The early and middle Anglo-Saxon period mortuary archaeologies
First, we must acknowledge than many of the details of the fittings and furnishings of the reconstructed settlement are directly inspired by mortuary archaeological finds. A good example is the reconstructed bed in one of the halls.
Next, the main museum contains a host of displays that discuss life in early Anglo-Saxon times, and mannequins wearing reconstructed costumes bear information from mortuary contexts.
Then, we have the direct consideration of mortuary practices, using the data from the early Anglo-Saxon cemeteries of the area, including Westgarth Gardens. Human remains are an element of these displays to tell to the story, notably the skeleton of a child. There is also an interactive activity where you can place grave-goods associated with the early Anglo-Saxon dead. I was pleased to see cremation, as well as inhumation, introduced.

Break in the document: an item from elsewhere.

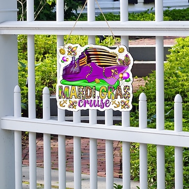 Lot de 2 panneaux de porte pour croisière Mardi Gras, plaque en bois à suspendre pour la porte de votre cabine de bateau de croisière, décoration pour les vacances de Mardi Gras, articles de fête pour
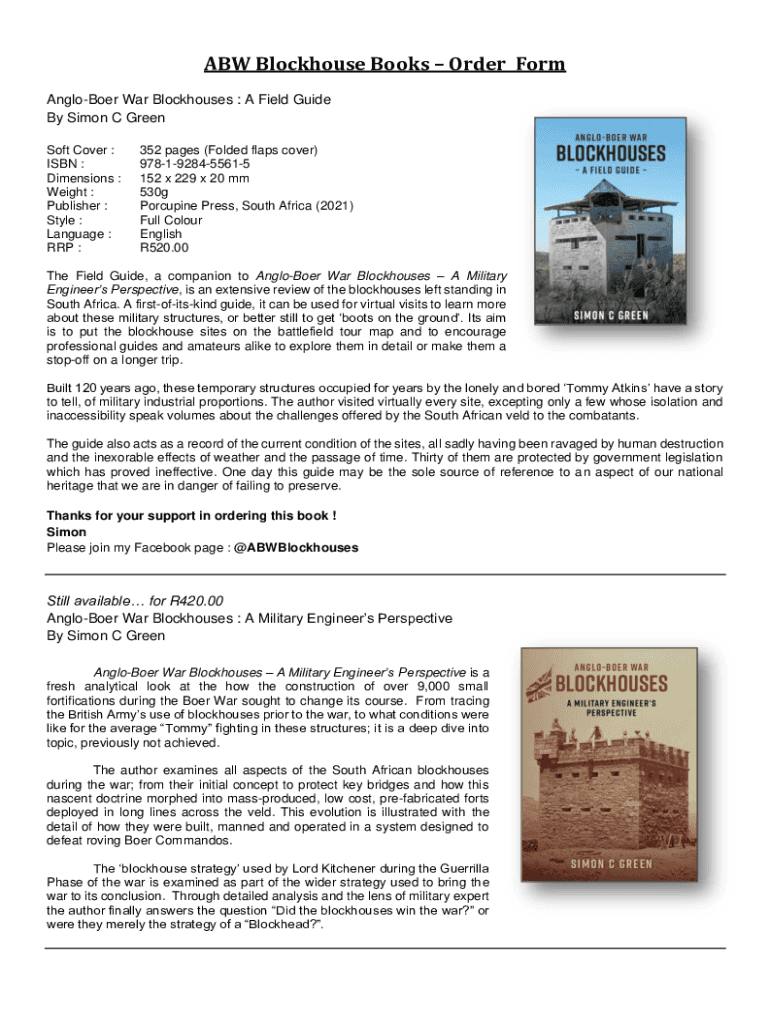 ABW Blockhouse Books Order Form Anglo-Boer War Blockhouses : A Field Guide By Simon C Green Soft Cover : ISBN : Dimensions : Weight : Publisher : Style : Language : RAP :352 pages (Folded flaps cover)

A further notable aspect is the archaeology of the settlement, for here a late pair of inhumation graves were uncovered. A facial reconstruction was commissioned for the male individual, bringing this young person to life and dating from a time when the settlement was being abandoned or already abandoned. A further element is the competition to name the individual – ‘The Man of West Stow’.
The final display of early Anglo-Saxon mortuary archaeology is in the closing sections of the galleries in the visitor centre. There are no visible human remains here.

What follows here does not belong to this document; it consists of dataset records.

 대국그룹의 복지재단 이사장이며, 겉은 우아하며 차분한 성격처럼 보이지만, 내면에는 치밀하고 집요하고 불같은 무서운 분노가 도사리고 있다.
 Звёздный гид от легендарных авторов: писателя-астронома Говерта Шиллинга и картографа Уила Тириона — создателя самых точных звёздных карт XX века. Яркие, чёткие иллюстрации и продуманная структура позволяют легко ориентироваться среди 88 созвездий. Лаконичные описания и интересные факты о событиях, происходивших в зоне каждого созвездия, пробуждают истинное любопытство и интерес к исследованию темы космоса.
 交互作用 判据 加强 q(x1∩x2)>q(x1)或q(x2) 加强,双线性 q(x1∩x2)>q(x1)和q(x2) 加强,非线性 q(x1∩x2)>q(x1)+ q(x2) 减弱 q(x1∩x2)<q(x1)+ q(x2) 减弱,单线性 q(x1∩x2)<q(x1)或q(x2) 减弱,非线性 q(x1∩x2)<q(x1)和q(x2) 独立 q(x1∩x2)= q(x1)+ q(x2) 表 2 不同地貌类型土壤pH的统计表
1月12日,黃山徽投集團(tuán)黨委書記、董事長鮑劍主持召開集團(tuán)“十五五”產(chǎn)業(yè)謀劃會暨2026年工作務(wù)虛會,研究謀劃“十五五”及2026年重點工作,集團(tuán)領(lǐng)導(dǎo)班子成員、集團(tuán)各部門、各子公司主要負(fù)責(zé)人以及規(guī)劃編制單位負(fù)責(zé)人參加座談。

Roman period mortuary archaeologies
This is not all, however, since both in the main museum there is a Roman stone coffin, seemingly reused in the early Anglo-Saxon cemetery.
Further important Roman-period cremation burials are on display in the visitor centre. Some still contain cremated human material, ranging from elaborate high-status burials (Rougham) down to more modest cinerary urns.
Directly and indirectly, a large fraction of the archaeological collections and the reconstructions of costume, furniture and fittings and buildings at West Stow rely upon mortuary data as well as the settlement excavations. Moreover, as well as being a rich resource for learning about life in the early and middle Anglo-Saxon periods, West Stow has considerable potential for education and engagement regarding past death ways. As we have seen, this is true for the both Roman and early medieval periods. Considering West Stow from the perspective of the public archaeology of death is a useful venture, since it focuses our attention on how archaeological collections shed light on both life and death in past times, but also regarding present conversations and anxieties regarding mortality, including dying, death, burial and commemoration.